Domingos and Richardson [3] took the IM model as an optimization problem according to market promotion principles, used the evolutionary algorithm (EA) for processing, and obtained satisfactory results. Kempe et al. [12] demonstrated that the IM problem is an NP-hard problem and the KK-greedy algorithm is an excellent optimization method, which can obtain an optimal solution similar to (1–1/e). Specifically, the independent cascade (IC) model [13] and the weighted connection (WC) model used this greedy algorithm to determine the initial seed node set [12, 14]. Through a set of experiments, the greedy algorithm showed a significant improvement in terms of solution accuracy compared with the degree-based heuristic algorithm. However, the KK-greedy algorithm is rather computation-expensive, requiring many simulations for computing in each round. Accordingly, it is inefficient to deal with large-scale social network scenarios, where millions or even billions of online nodes and interconnections are involved. Recently, many studies have made many efforts to reduce the computational cost of the target social network. Leskovec et al. [15] employed the greedy method’s submodularity to propose a cost-effective delayed forward strategy (CELF). Using this strategy, the calculation time of the CELF algorithm can be a hundred times faster than the previous greedy algorithm. Goyal et al. [5] proposed a new CELF++ algorithm based on CELF, which is 35%∼55% faster than CELF. After that, some heuristic algorithms were improved and used to find a seed set of size k that can influence other seeds in a specific social network propagation mode. However, these algorithms still face several challenges. They are still inefficient in approximating the influence spread.
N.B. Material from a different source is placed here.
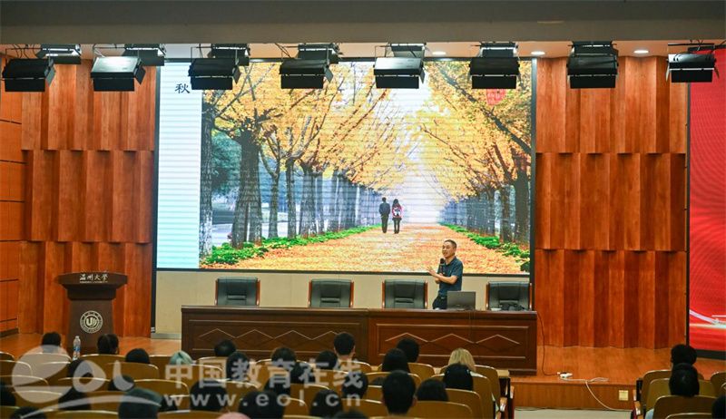 讲座伊始,观众便被一幅幅呈现校园风光、温瑞塘河宋韵风貌、商港历史图景与现代城市活力的影像集锦所吸引。那些承载地域文化记忆的画面,瞬间唤醒了大家探索摄影美学的热情与期待。“手机摄影的价值远不止于记录,更是文化传播的鲜活载体。”胡铸鑫说,当镜头对准塘河的粼粼波光时,便定格了宋韵的流转;聚焦商港的繁忙码头,就留存了千年的文脉;捕捉城市的烟火日常,则传递了温州的幸福温度。

As a promising bioinspired computation paradigm, the evolutionary algorithms (EAs) [1621] have shown a significant potential to solve various complex IM problems. EAs are widely used in many practical application problems [2227]. Among those, the bacterial foraging optimizer (BFO) [19, 28] is a relatively new population-based optimization paradigm due to its fast convergence and strong robustness. Recent computation results have verified the superior performance of BFO paradigms in solving various complex real-world practical applications [2932] because the BFO algorithm can carry out parallel search and can be easy to jump out of the local optimal solution. BFO algorithm and its variants [32, 33] have shown powerful ability in solving complex (binary multimodal) optimization problems with high dimensionality and large-sized data sets than some previous intelligence algorithms. The IM problem in the social network is an NP-hard problem, and most social network instances are large-sized graph structures with a large number of discrete data interrelated. Therefore, the NDBFO algorithm proposed by adding a new discrete strategy and grid strategy has strong performance when dealing with IM problems.

In this paper, based on the complete-three-layer-influence (CTLI) evaluation model proposed in our previous work [32], a new discrete grid-based BFO is proposed to deal with the complex IM problem of the social network. This algorithm’s basic idea is to integrate the grid-based search strategy into the reproduction operation and incorporate the direction-adjustment strategy into the chemotaxis operation. The new strategy can enhance the algorithm’s development and exploration search capabilities on IM problems. The contribution of our algorithm is as follows:(1)Aiming at the complex CTLI problem, a new discrete grid-based bacterial foraging optimization algorithm (NDBFO) is proposed to approximate the propagation range of nodes in the IC model. In this algorithm, the reproduction operation is enhanced by an improved grid-based strategy. The direction-adjustment strategy improves the chemotaxis operation to deal with discrete variables. Compared with the classic BFO algorithm, the NDBFO algorithm can deal with complex discrete problems and has better search performance.(2)The effectiveness and efficiency of the NDBFO algorithm in terms of search accuracy and computational efficiency are verified through experiments.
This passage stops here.